__TRY IT__. Among the lines below, output only those between the line holding "Estudiantes de todos" and the line holding "Dakappartement op de", inclusive, exactly as written and with no pictures.

__DATA FOR REVIEW__.
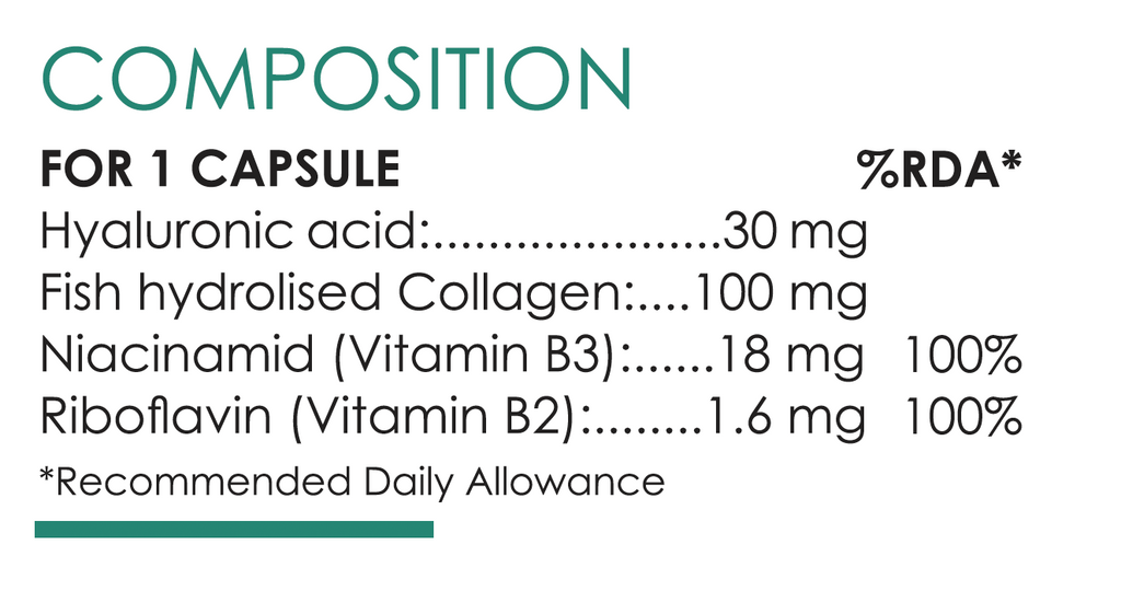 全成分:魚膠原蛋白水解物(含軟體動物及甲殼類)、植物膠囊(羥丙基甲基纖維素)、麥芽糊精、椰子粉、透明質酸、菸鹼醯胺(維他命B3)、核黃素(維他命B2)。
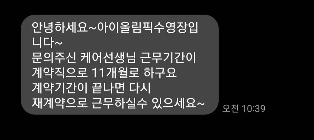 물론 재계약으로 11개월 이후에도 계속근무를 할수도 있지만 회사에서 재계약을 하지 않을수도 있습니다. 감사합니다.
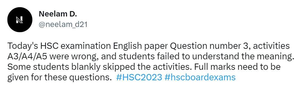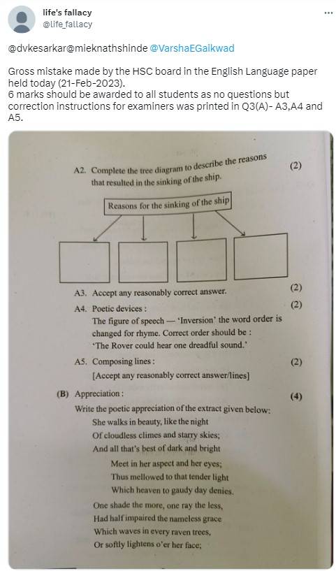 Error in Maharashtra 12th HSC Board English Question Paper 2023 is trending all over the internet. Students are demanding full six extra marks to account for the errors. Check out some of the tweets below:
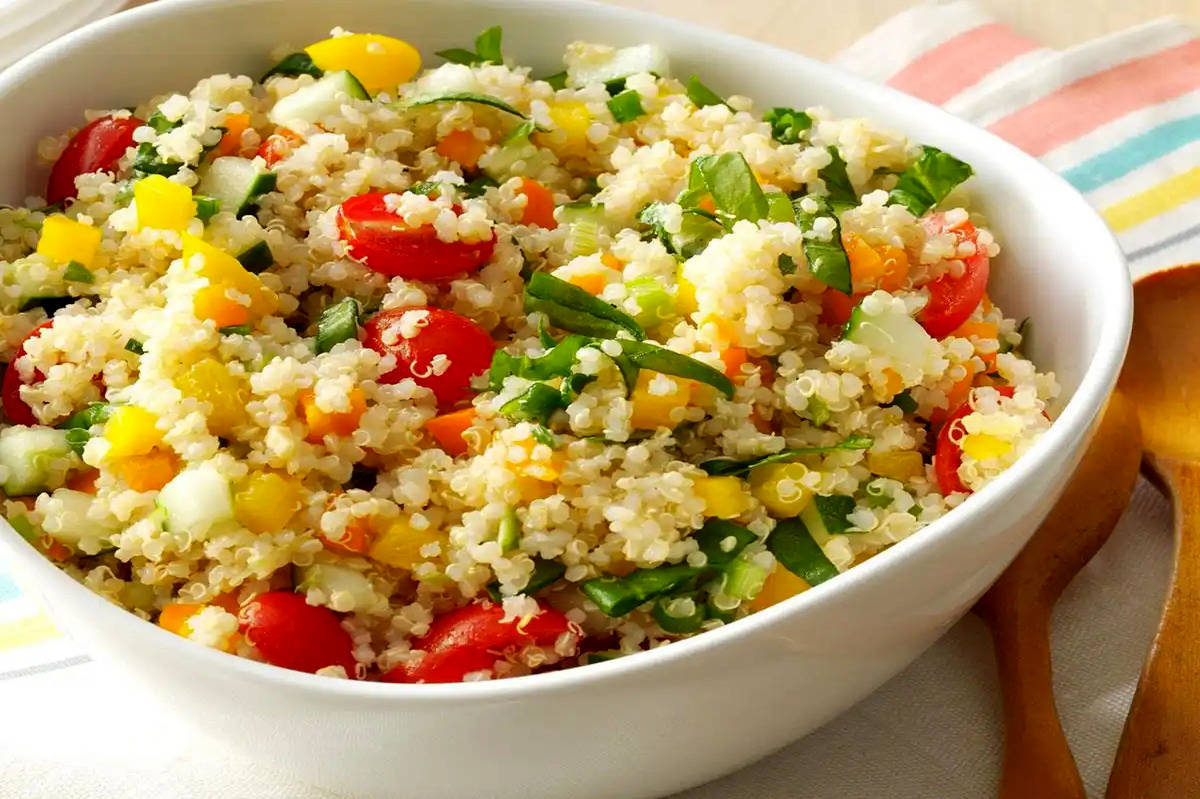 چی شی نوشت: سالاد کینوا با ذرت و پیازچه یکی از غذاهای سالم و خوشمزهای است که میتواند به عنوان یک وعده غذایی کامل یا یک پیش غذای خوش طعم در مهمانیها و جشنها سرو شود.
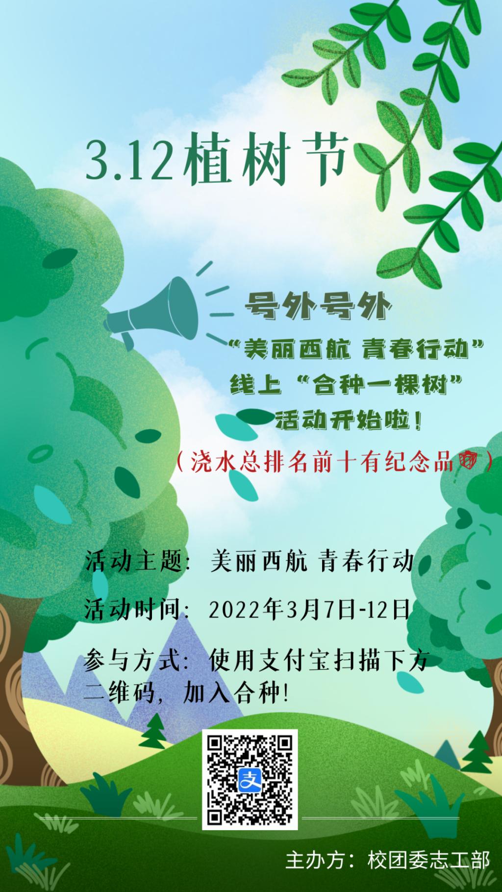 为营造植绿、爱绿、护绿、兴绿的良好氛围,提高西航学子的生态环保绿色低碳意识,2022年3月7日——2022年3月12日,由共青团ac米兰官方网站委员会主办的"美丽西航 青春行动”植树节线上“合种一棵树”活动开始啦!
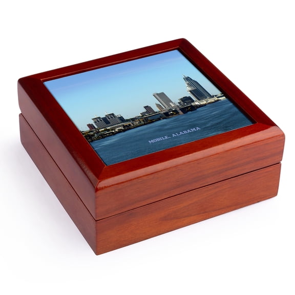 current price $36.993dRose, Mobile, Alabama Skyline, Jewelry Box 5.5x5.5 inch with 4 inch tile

* * *

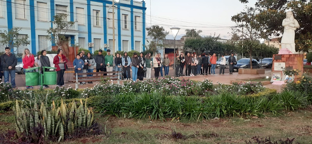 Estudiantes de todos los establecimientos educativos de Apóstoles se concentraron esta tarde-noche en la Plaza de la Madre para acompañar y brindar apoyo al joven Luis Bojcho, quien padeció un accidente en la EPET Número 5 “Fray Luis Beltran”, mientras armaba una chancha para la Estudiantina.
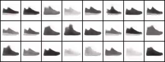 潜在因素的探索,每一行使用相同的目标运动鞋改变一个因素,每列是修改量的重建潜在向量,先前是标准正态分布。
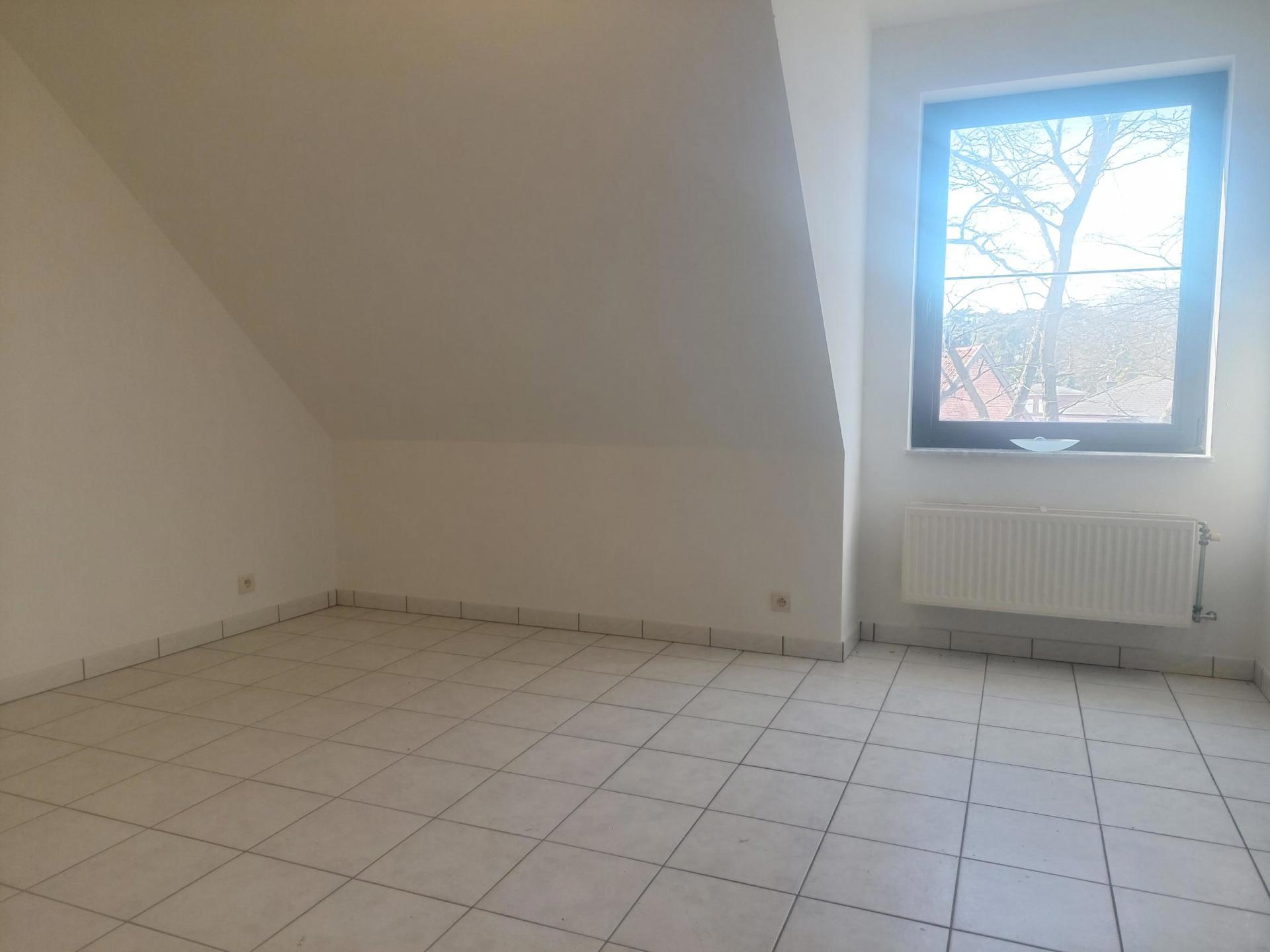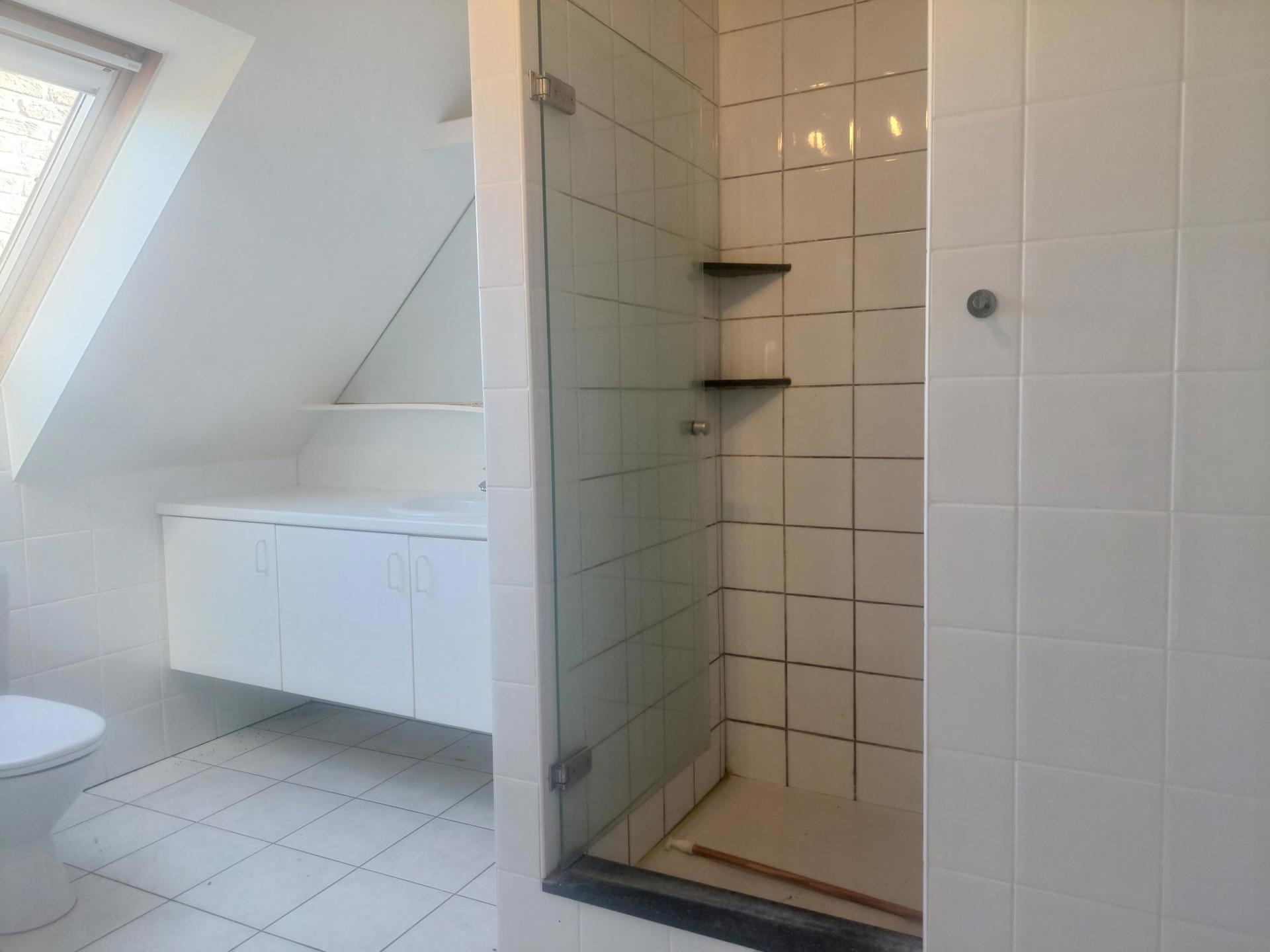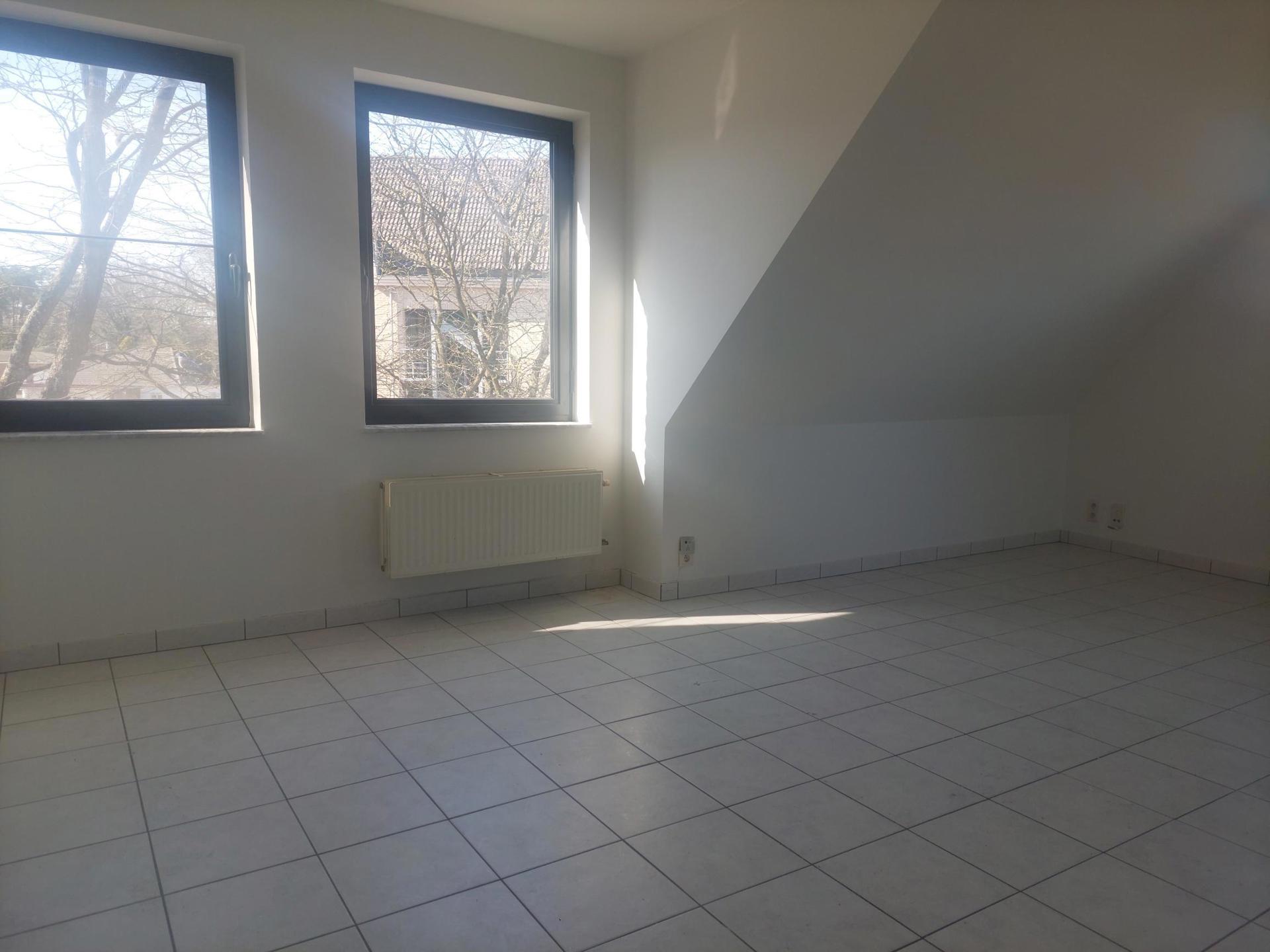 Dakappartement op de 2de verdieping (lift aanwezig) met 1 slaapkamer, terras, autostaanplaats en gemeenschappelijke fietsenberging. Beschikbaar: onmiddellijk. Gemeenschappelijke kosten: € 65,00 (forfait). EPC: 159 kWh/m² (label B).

* * *

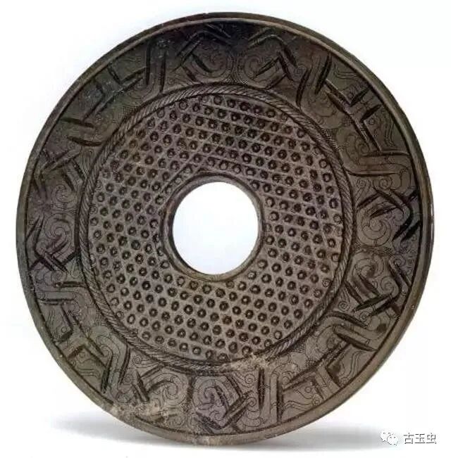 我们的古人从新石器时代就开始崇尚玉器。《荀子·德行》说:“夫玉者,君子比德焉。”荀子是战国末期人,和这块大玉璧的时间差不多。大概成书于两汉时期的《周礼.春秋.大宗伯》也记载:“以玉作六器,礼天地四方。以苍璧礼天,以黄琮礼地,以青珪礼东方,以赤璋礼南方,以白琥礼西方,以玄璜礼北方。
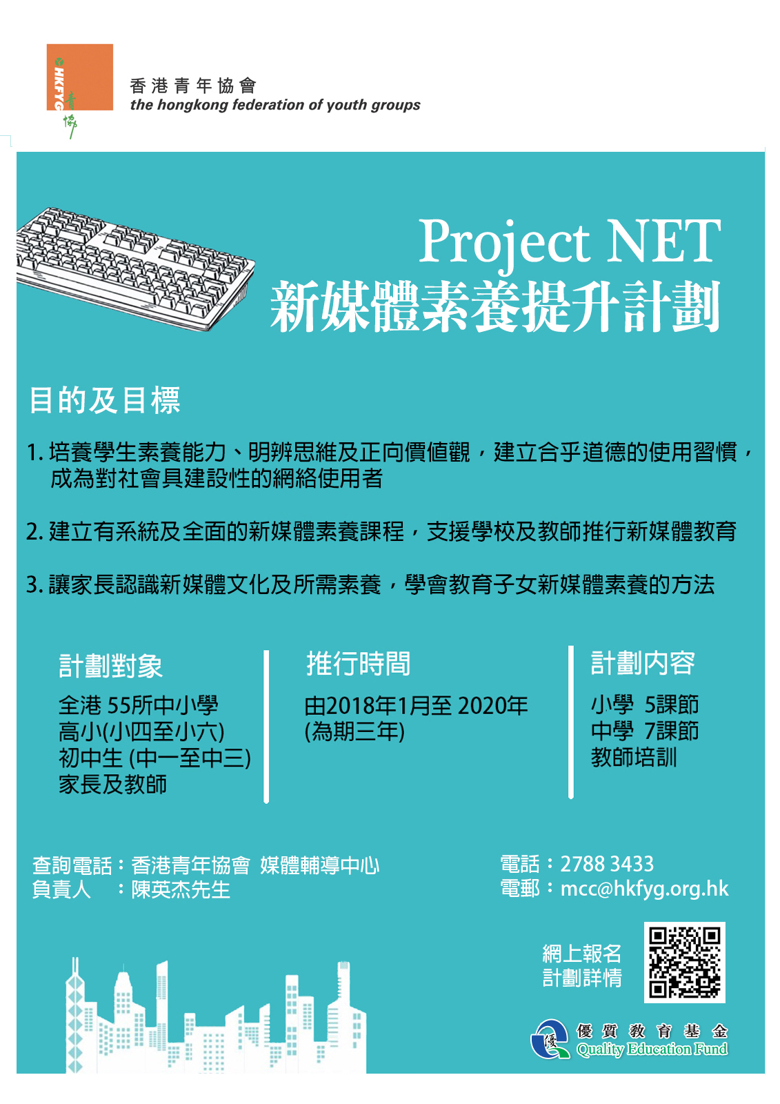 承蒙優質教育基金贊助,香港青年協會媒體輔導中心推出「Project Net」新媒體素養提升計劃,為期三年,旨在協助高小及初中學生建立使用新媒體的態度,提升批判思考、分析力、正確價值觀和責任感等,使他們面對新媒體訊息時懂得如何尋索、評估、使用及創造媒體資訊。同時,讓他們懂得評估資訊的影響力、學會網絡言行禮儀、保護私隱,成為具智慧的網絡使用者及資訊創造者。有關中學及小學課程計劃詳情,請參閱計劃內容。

__SOLUTION TO THIS PROBLEM__.
 Estudiantes de todos los establecimientos educativos de Apóstoles se concentraron esta tarde-noche en la Plaza de la Madre para acompañar y brindar apoyo al joven Luis Bojcho, quien padeció un accidente en la EPET Número 5 “Fray Luis Beltran”, mientras armaba una chancha para la Estudiantina.
 潜在因素的探索,每一行使用相同的目标运动鞋改变一个因素,每列是修改量的重建潜在向量,先前是标准正态分布。
 Dakappartement op de 2de verdieping (lift aanwezig) met 1 slaapkamer, terras, autostaanplaats en gemeenschappelijke fietsenberging. Beschikbaar: onmiddellijk. Gemeenschappelijke kosten: € 65,00 (forfait). EPC: 159 kWh/m² (label B).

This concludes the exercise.